The wrinkle lies in how a botch is defined. In the system's modern iterations, you need to score zero hits (i.e., no dice showing higher than the target number) and at least one 1 in order to botch; as originally designed, however, any roll with negative hits was a botch. This creates two distinct mathematical quirks:
Using the modern definition of a botch, there are some weird glitches in botch probability when very large target numbers interface with very small dice pools, but for the most part, the absolute likelihood of a botch trends strictly downward as the number of dice increases, since the odds of rolling no hits at all become increasingly remote; however, the portion of your failures that botch does rise with the number of dice, as – given that all of your dice missed – more dice means a greater likelihood that at least one of those misses is a 1. This isn't impossible to account for narratively – the idea that highly skilled characters tend to biff it big on the rare occasions that they fail makes some sense – but some players find it unaesthetic.
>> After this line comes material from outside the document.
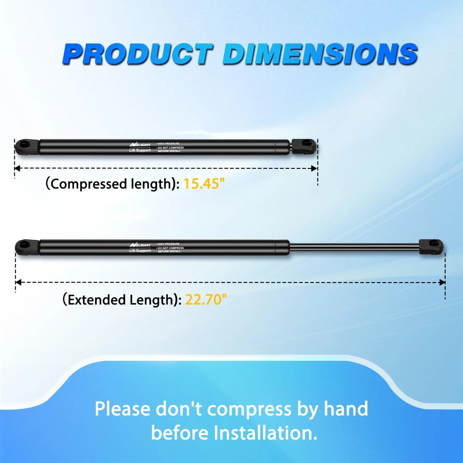 ·Size and Performance: Compressed length-15.45 inches, Extended length-22.7 inches. Our liftgate struts have high-strength leak-proof structure, and have undergone 45,000 fatigue tests, with a service life of up to 80, 000 openings and closings.

Using the old-school definition of a botch (i.e., any roll with negative hits botches, not just rolls that had zero hits before subtracting 1s), you can run into situations where increasing the size of your dice pool increases the absolute likelihood of a botch basically any time your target number is higher than 6. It does fall off again as dice pools become very large, and the likelihood of a botch never rises faster than the likelihood of success, but it does create some objectively goofy situations. A lot of sources recommend just not letting your target numbers go higher than 8 when using the old-school botch rules for this reason.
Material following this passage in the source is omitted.